Moving on, October was a really good month. I experienced a whole new side of being a person. There are nice people on this planet you guys. Really nice people.
November 20.
I spent an extra day contemplating on whether or not I should write about the nice experiences I had in October without making the entire letter about those experiences.
Two days ago, I decided not to because of a conversation I had with a friend. We got lost during a lecture and started talking about random things (it was one time, please don't try it at home). As we talked, I mentioned how uninteresting my life was and how I needed something mind-blowing to happen. You know, some drama or anything that could lift my spirits. Her response was something we've probably heard before. She said if I keep waiting around for something exciting, I'd keep feeling the way I felt then.
Sometimes, we just have to create our own happiness. Find joy in the tiniest things. There's this trend on TikTok. People post photos of things they do daily or things that happen to them and tag those photos with the caption “What a privilege...". I like that trend. It's like, normally this is something I wouldn't like to experience but rather than be bitter about it, I can be thankful for it.
Having to go to school everyday of the week isn't something I love but I'm glad I get to do it (15th November Edima wouldn't have said this but thank God for that conversation).
Being tired everyday isn't all that bad. It helps me enjoy sleep better. Listening to different lecturers speak isn't so bad too. Especially when I understand the lecture. I get to talk to people everyday. Talk about things I love, things I hate. I learn everyday and that's exciting. Sitting for four hours isn't pleasant but it's going to lead to something bigger and I love that.
So rather than be mad about everything that's making me uncomfortable, I can just endure and talk about them if it gets too much. Focusing on negatives will just make me a bitter person. Where's the fun in that?
The moral of the story: You're in charge. You can create literally anything. That's exciting!
I'm glad I've finally put this down and I'm even more glad you're reading it now.
I wrote a post on Friendships a while ago.

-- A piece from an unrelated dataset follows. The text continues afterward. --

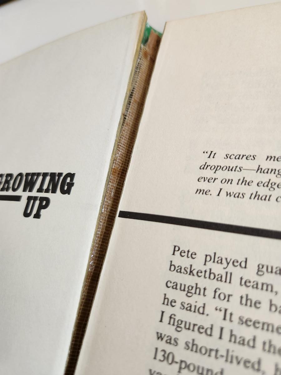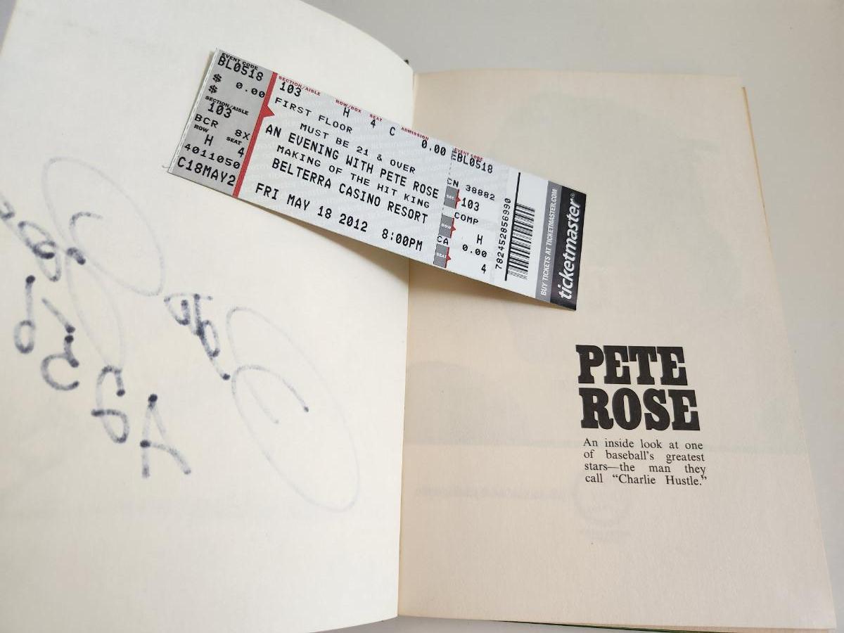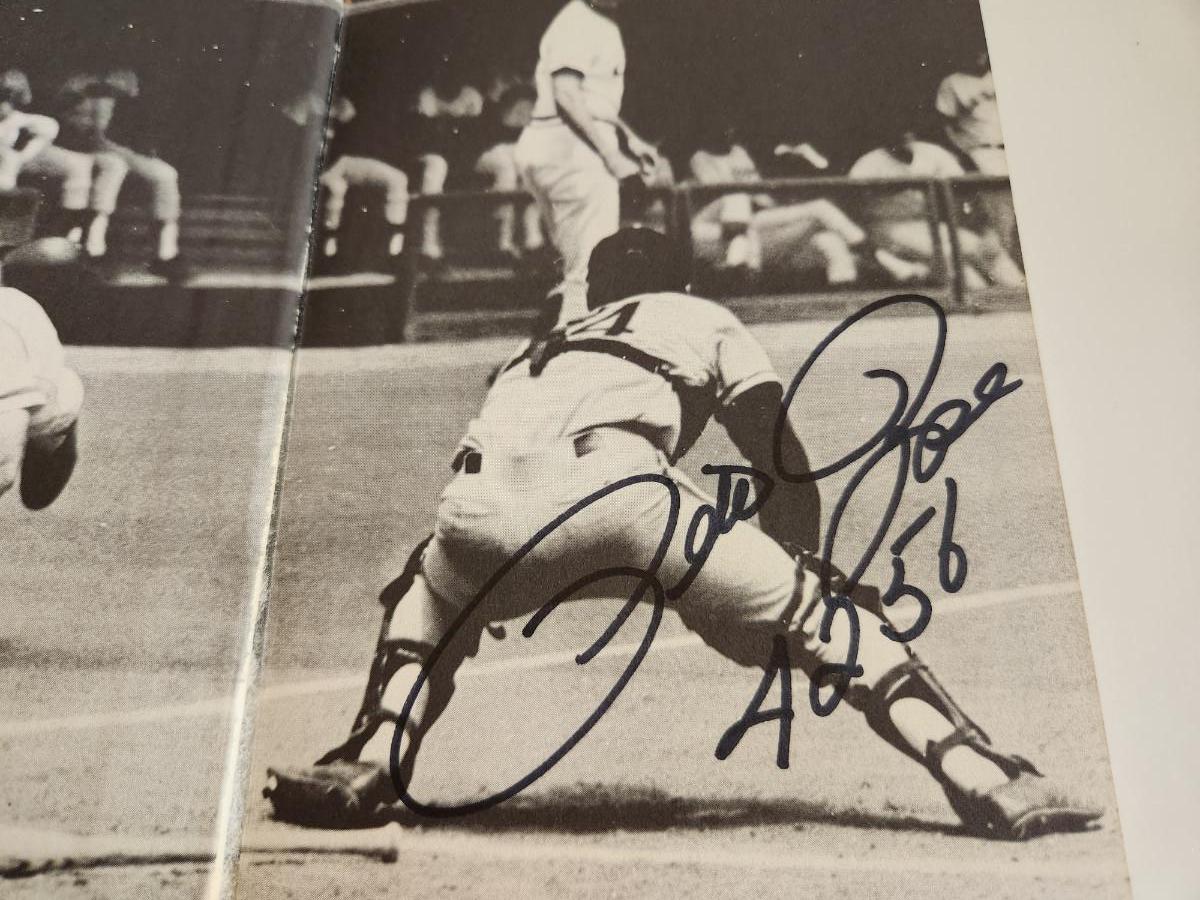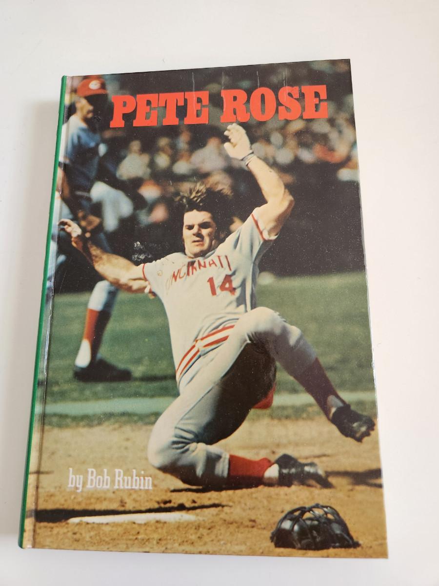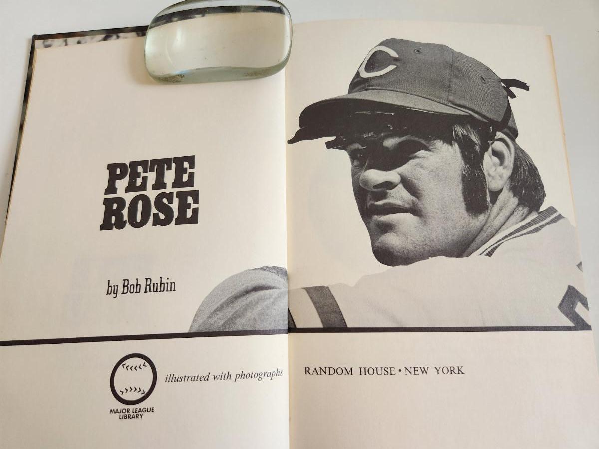 This auction lot is for a Vintage Pete Rose Book Signed by Pete Rose. This book was written by Bob Rubin for a series of books published in 1975 by Random House for the Major League Library. This vintage book was autographed at a "Signing Event" held on May 18, 2012. The ticket for that event is included as a page marker. Note: the book has not aged well and the binding has dried and is coming lose at the spine. Needs a good shot of glue to tighten. The signature is authentic and a nice item of baseball memorabilia.

I'm mentioning that because of how privileged I am to have certain people in my life (like the one who called and asked how Substack is going and told me not to think of abandoning it. Another one got a drink for me because I looked tired after school. And the other one offered to cry with me because we're both going through a lot. Thank youuu!)
In conclusion (English essay type thing), I'm getting used to being uncomfortable and learning to find happiness even in discomfort.
Oh, one more thing. Someone recommended my newsletter! The joy I feel cannot be explained. Thank you and thank you for reading! 💗
this just resonated with me and all i have to say is, "God placed us on this journey, so, regardless of the voices in our heads, we'll definitely win, Edima.!❤️
You mentioned thanking God. Are you really a believer is what I'm wondering 🤔. Not to be rude or anything like that, it's more like a concern over your remarks. I'm just curious really. I've been a Christian all my life and I can tell you there are only 2 kinds of happiness, the kind that comes from a positive attitude, like you described, that is actually more about circumstance-- up when things are going well, down when they don't.....
But, through experience I can promise you that if you follow Jesus and put Him as King and Ruler over your life, you will come to find a joy that doesn't even make sense, because you can have it even when things aren't going so well in your life. Its a joy that comes from abiding in True peace. There are a ton of verses that describe this stunning fact in God's Word, like this one in
Philippians 4:7--
"and the peace of God, which surpasses all understanding, will guard your hearts and minds through Christ Jesus."
And this one in Psalm 16:11--
"You will show me the path of life; In Your presence is fulness if joy: At Your right hand are pleasures forevermore."